Collect a predetermined length of video data. At the end of this initial controlled distention trial, loosen or remove the clamp to allow the tissue segment to propel the distending liquid out of the lumen. Allowed the tissue to re-equilibrate for 10 to 20 minutes and then repeat the procedure using the treatment.
A single tissue preparation can go through as many as five, 10-minute treatments for the appropriate rest periods between tests. Be aware of mucosal sloughing, which signals degradation of the tissue. to analyze the recording, double-click the name of a specific trial to open the analysis window for construction of an ST map.
Within the video playback area, adjust the contrast and brightness sliders to make the image appropriate for analysis. Create a black tissue silhouette on a light background. Next, set the horizontal and vertical red guidelines within the video image window to isolate the tissue region for analysis and remove areas containing artifacts.
Then set the time for analysis. Click the green A button to select the start point, and click the yellow B button for the stop point when the time slider is in the correct positions.

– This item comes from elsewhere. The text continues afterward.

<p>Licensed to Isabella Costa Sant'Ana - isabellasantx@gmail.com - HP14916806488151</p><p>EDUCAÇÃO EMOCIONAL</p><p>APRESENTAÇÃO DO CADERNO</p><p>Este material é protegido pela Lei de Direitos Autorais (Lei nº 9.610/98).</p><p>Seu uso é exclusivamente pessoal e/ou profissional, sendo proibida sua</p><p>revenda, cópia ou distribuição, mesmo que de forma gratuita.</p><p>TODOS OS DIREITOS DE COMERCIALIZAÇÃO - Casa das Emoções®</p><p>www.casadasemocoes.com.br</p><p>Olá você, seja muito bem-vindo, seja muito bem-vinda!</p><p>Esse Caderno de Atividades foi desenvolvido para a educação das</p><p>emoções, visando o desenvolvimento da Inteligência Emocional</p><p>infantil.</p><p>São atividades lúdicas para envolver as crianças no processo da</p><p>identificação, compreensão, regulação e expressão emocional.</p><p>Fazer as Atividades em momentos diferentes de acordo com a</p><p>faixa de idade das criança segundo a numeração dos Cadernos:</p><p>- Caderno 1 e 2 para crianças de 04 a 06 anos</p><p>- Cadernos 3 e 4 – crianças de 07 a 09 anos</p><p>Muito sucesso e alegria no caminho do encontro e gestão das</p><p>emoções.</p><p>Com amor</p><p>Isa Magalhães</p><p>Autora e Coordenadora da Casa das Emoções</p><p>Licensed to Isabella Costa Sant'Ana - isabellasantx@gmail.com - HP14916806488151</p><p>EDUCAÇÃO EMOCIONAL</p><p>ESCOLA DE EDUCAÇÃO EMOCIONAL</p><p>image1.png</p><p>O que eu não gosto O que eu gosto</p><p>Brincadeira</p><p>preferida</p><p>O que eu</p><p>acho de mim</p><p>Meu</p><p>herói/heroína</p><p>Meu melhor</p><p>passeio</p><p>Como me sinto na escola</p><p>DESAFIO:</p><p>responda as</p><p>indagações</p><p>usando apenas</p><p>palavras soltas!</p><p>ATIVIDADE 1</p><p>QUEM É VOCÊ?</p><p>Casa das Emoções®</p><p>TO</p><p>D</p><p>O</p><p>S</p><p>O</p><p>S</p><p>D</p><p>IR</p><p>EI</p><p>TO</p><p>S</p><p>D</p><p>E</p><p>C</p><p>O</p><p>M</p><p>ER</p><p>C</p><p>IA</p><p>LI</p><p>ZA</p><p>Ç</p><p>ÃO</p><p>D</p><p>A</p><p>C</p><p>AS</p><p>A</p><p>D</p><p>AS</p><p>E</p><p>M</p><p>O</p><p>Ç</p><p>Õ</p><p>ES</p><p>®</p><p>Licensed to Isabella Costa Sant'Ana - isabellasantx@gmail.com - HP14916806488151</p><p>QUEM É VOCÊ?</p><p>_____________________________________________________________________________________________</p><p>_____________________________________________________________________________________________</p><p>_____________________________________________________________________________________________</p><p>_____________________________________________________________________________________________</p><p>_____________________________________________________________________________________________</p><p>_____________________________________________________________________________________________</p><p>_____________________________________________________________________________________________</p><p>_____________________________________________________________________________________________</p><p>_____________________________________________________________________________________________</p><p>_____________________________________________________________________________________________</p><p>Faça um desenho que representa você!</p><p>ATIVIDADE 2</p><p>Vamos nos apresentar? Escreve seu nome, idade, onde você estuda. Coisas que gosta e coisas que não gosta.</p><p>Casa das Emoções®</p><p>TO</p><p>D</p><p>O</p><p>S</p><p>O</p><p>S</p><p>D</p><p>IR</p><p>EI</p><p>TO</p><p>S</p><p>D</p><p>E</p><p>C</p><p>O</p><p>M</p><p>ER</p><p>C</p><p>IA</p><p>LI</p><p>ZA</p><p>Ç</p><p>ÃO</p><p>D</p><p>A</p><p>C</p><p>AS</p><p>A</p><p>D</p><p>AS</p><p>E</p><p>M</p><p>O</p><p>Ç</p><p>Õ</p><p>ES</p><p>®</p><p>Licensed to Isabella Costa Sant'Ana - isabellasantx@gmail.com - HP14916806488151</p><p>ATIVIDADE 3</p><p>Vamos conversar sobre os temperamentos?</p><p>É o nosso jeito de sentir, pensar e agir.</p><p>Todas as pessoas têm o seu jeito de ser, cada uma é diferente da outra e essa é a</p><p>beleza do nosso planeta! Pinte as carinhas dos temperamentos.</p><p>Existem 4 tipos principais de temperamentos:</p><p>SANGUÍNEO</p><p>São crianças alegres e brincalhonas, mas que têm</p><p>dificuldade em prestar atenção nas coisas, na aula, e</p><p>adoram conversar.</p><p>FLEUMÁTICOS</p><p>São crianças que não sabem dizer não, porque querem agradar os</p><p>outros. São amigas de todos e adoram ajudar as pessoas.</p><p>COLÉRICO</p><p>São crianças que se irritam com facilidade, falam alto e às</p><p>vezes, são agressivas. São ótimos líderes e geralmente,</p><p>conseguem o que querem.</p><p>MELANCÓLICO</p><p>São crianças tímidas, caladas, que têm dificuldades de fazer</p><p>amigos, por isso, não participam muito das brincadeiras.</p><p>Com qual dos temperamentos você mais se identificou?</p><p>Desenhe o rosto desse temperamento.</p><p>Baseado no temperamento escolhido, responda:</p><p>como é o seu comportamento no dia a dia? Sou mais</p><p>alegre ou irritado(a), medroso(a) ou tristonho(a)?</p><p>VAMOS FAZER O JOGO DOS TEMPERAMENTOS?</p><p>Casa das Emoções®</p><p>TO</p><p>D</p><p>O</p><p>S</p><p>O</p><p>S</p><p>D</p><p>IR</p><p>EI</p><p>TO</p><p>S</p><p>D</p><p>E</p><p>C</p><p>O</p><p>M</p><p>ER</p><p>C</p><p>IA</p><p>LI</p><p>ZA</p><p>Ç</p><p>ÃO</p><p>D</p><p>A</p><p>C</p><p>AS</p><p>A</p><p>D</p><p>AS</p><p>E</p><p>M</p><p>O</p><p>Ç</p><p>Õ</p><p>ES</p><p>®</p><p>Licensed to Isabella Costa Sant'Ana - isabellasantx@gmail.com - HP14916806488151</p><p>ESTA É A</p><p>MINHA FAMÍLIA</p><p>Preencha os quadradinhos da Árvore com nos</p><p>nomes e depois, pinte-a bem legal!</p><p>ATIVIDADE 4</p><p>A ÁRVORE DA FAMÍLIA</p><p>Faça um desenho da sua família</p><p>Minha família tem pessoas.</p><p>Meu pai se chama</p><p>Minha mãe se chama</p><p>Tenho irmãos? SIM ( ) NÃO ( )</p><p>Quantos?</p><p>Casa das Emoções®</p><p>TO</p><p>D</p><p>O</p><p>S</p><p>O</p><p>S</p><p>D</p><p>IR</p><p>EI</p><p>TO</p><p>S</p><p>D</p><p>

Next, select the Motor Analysis tab to open the ST map window, and then click the stopwatch button.
Begin ST map generation by clicking the crosshair cursor within the black silhouette of the tissue. The map generation may take a few minutes to complete. After the ST map is constructed, select the zoom feature to enlarge the image.

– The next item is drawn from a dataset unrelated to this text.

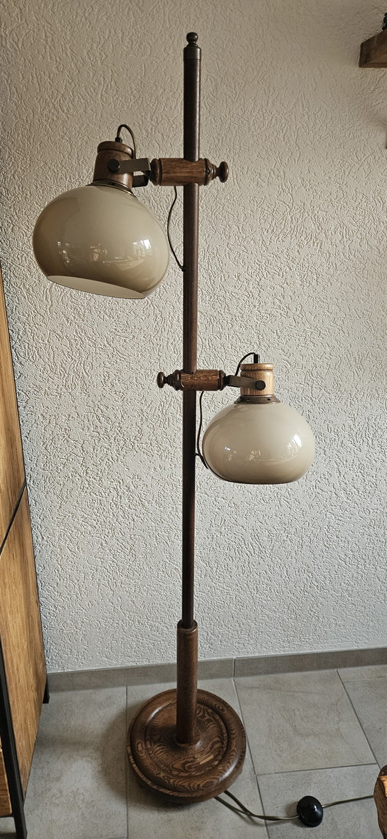 Lampadaire vintage en bois Herda en forme de champignon

Then select the color option to see the image in color instead of grayscale. Next, select enable so the cursor can be used to select the pixel for analysis. For the tissue associated with the selected pixels, the change in luminal diameter overtime is analyzed and displayed as a grain diameter tracing to the right of the ST map.
After the analyses, select Exit. Now export the ST map for other purposes by selecting File and then Export Data, and then Metafile. Name the file and save it as a emf file by clicking Save.

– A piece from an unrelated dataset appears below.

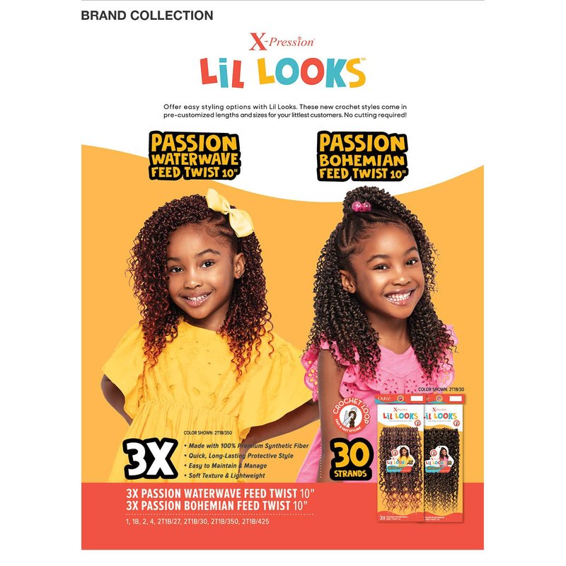 X-Pression Lil Looks creates long-lasting, kid-friendly crochet styles for your little cutie. Our crochet pieces are the perfect size – not too long or too full, and made with resilient fibers that maintain a neat look longer. Easy to install and comfortable to wear – X-Pression Lil Looks is the styling solution that makes everyone happy.

The maps generated by this technique show changes in the luminal diameter of the tissue in both distance and in time. Horizontal distance is on the X axis, and time on the Y axis, with the starting time at the top and ending time at the bottom. In the upper right corner is a legend, which displays the minimum and maximum luminal diameters, as well as scaling for both the X and the Y axes.
Thus, different pixel shades within the grayscale image corresponds to different luminal diameters. Darker pixels correspond to wider diameters, and lighter pixels correspond to smaller diameters. Contractile waves of the circular muscle will appear as regions of lighter pixelation due to the reduction in luminal diameter.
In contrast, luminal distention due to circular muscle relaxation or a large bolus of fluid is shown with darker pixels. Besides waves of a propagating contraction, the mixing motility pattern known as segmentation can be visualized as well. Small stationary contractions occur in different areas at the same time.
Overtime, these small contractions move towards the aboral anal end. Mesentery remaining on the tissue can cause artifacts, which display as dark vertical lines. The horizontal movement of these artifactual vertical lines can be used to determine the timing of longitudinal muscle movement.
After watching this video, you should have a good understanding of how to prepare intestinal segments for video recording and how to generate the subsequent representation of intestinal motility as spatiotemporal maps. Following this procedure, different nutrients can be added to the luminal solution in order to determine how natural components induce specific motility patterns in order to facilitate digestion and absorption. The use of specific pharmacological agonists or antagonists of receptors for neural humoral agents can be used to determine the mechanisms by which motility is initiated and propagated.
This technique could help produce data useful for determining compounds useful for the treatment of motility disorders.